Entrambi, di un realismo accentuato, colpiranno il gusto, con il loro intenso modo di rappresentare la povertà del lavoro.
Era sovente, per Brueghel, rappresentare anche le stagioni, poiché strettamente collegate alla vita dei campi. Infatti “il vecchio”, nel 1565 dipinse la famosa “Fienagione” caratteristico pannello del rinascimento nord europeo appartenente alla serie dei mesi.
Brueghel il vecchio è sovente accusato di dipingere “buffonerie”, da qui Pieter il “buffo”.
Questo perchè nel ritrarre la vita di campagna, in molti suoi dipinti, tra danze e attività popolari, non mancano i dettagli umoristici.
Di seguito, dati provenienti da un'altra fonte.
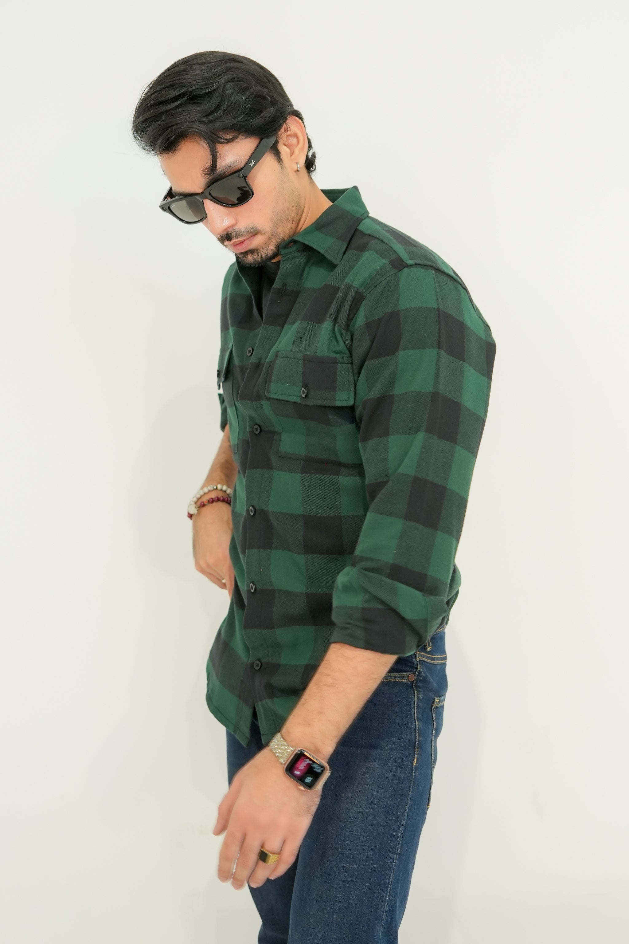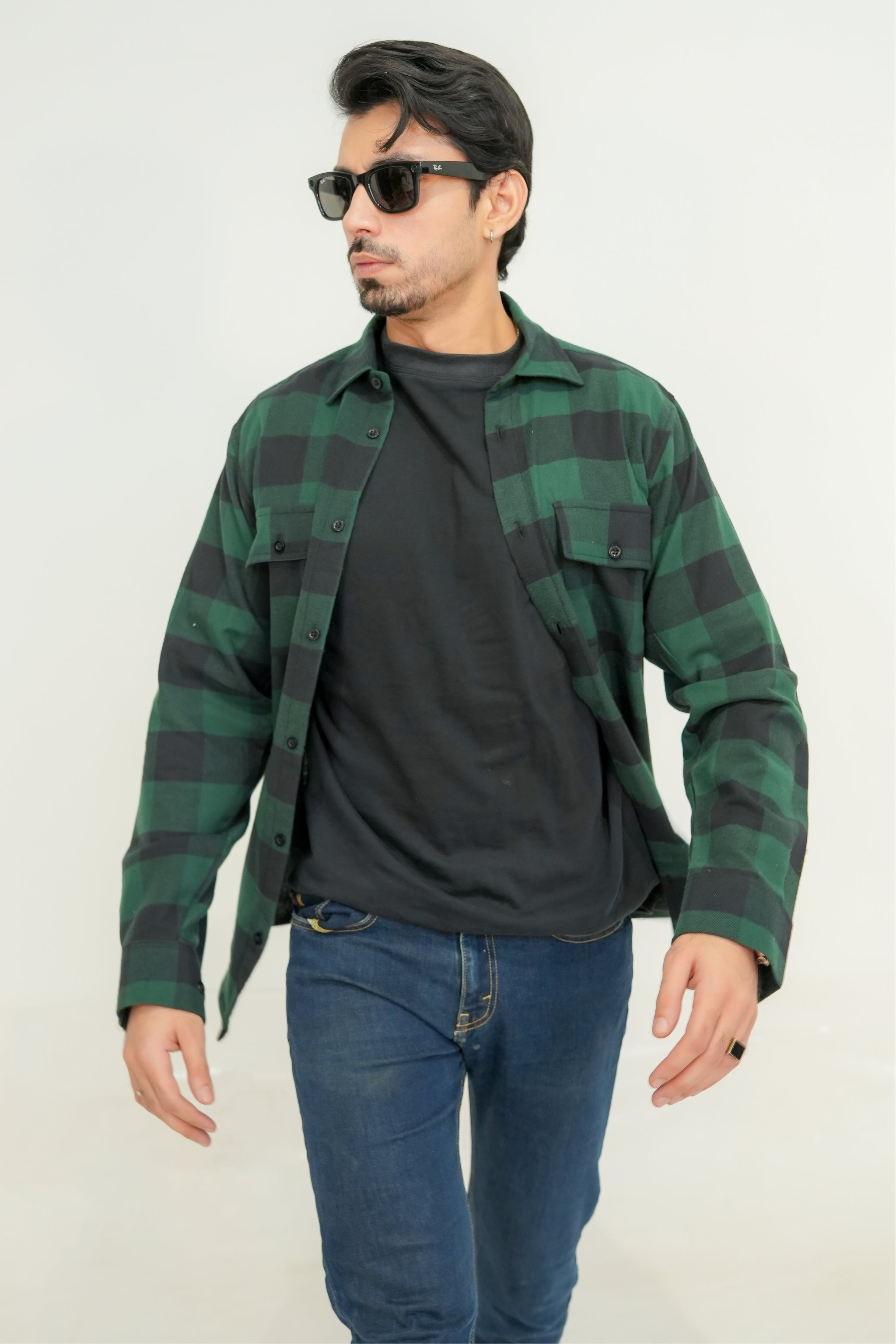 Soft, comfortable flannel shirt in a fern green and black check design. It gives a fresh, rugged look while keeping you warm and stylish for everyday wear.

Come ad esempio, gente impegnata a far rissa o a ubriacarsi (o a urinare). Tipico di questa pittura, definita spesso ridicola e buffa.
L’ereditarietà artistica
Brueghel il giovane, omonimo – figlio, nasce nel 1564, dal matrimonio con la figlia del suo grande maestro, Mayeken Coecke. Il suo primogenito, diventa un artista affermato come suo padre. Segue le sue orme, e si ricorda lo splendido ”Matrimonio di paese- 1600 ca.” che evidenzia la vicinanza paterna.
Nel 1568, nasce il suo secondogenito, Jan (noto come Jan Velvet– Jean dei velluti) abile pittore di tessuti.
A differenza di quanto alcuni sostengono, Brueghel il Vecchio, non fu mai maestro dei suoi figli. Ebbe una vita relativamente breve, e i figli erano troppo piccoli quand’egli morì.
Fu sepolto a Bruxelles, a Notre-Dame de la Chapelle nel 1569.